Significance. If the generalization claims hold after proper validation, the work supplies a concrete methodology for LLM-assisted algorithmic discovery in multi-agent game theory, including a useful emphasis on distilling complex discovered mechanisms to minimal, interpretable cores. This could accelerate progress beyond purely manual refinement of MARL baselines.

major comments (2)

[Ablation Studies] Ablation Studies section: the identification of the 'minimal algorithmic core' (WOP-CFR, PM-PSRO) and the claim of superior generalization both rely on fitness evaluations performed exclusively on the same 18-game suite used for the original AlphaEvolve search. No held-out test partition, cross-suite validation, or explicit separation between training and evaluation games is described, so the reported performance advantage may reflect selection bias rather than discovery of transferable principles.
[Evaluation Suite and Results] Evaluation Suite and Results: the abstract asserts that the distilled solvers are 'consistently competitive' and achieve 'superior performance on generalization,' yet the manuscript provides no statistical significance tests, confidence intervals, or variance measures across random seeds or game variants. This weakens the load-bearing claim that the minimal cores outperform baselines in a robust, generalizable manner.

minor comments (2)

[Algorithm Descriptions] The acronyms VAD-CFR, SHOR-PSRO, WOP-CFR, and PM-PSRO are introduced without a compact table that lists the precise modifications each makes to the respective baseline (CFR or PSRO) and the components removed during distillation.
[Figures] Figure captions and axis labels for the performance plots could be expanded to explicitly state the number of independent runs and the exact metric (e.g., exploitability or win rate) being plotted.

Simulated Author's Rebuttal

2 responses · 0 unresolved

We thank the referee for the constructive feedback highlighting key aspects of our evaluation methodology. We address each major comment point by point below and commit to revisions that add statistical rigor and validation procedures.

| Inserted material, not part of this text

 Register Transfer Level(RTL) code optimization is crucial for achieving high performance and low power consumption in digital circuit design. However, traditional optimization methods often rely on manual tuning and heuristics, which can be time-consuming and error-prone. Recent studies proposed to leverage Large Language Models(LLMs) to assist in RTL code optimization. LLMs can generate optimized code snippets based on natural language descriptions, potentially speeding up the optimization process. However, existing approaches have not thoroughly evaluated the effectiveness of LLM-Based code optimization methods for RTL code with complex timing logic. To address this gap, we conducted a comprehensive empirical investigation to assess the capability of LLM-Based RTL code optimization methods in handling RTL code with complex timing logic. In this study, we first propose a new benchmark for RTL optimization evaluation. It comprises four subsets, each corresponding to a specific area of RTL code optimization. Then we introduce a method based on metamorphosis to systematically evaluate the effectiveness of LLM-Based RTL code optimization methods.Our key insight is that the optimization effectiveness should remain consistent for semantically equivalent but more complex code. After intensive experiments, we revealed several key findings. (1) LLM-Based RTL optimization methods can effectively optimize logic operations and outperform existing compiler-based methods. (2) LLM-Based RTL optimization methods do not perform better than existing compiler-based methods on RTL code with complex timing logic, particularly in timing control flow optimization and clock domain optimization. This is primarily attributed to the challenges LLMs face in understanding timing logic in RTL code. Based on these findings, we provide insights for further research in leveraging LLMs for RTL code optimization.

read point-by-point responses

Referee: [Ablation Studies] Ablation Studies section: the identification of the 'minimal algorithmic core' (WOP-CFR, PM-PSRO) and the claim of superior generalization both rely on fitness evaluations performed exclusively on the same 18-game suite used for the original AlphaEvolve search. No held-out test partition, cross-suite validation, or explicit separation between training and evaluation games is described, so the reported performance advantage may reflect selection bias rather than discovery of transferable principles.

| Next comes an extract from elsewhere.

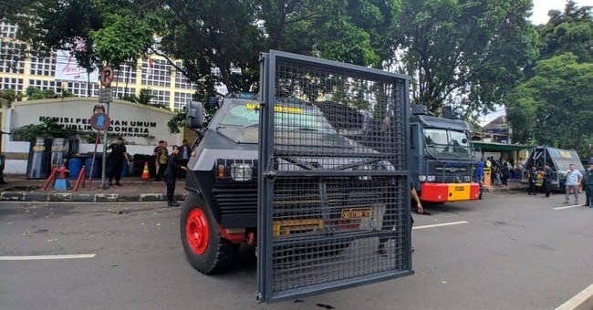 Kendaraan taktis polisi disiagakan di depan KPU (Foto: Jefrie Nandy Satria/detikcom)

Authors: We agree that the AlphaEvolve search and all reported fitness evaluations used the same 18-game suite, which leaves open the possibility of selection bias. The suite was chosen for its diversity across Poker, Goofspiel, Liar's Dice, Blotto, and Battleship variants precisely to encourage transferable mechanisms, and the ablations show that the distilled cores preserve performance while removing synergistic but non-essential components. To strengthen the claim, we will add an explicit held-out partition (reserving 4–5 games) and report separate training versus test performance in the revised manuscript. revision: yes
Referee: [Evaluation Suite and Results] Evaluation Suite and Results: the abstract asserts that the distilled solvers are 'consistently competitive' and achieve 'superior performance on generalization,' yet the manuscript provides no statistical significance tests, confidence intervals, or variance measures across random seeds or game variants. This weakens the load-bearing claim that the minimal cores outperform baselines in a robust, generalizable manner.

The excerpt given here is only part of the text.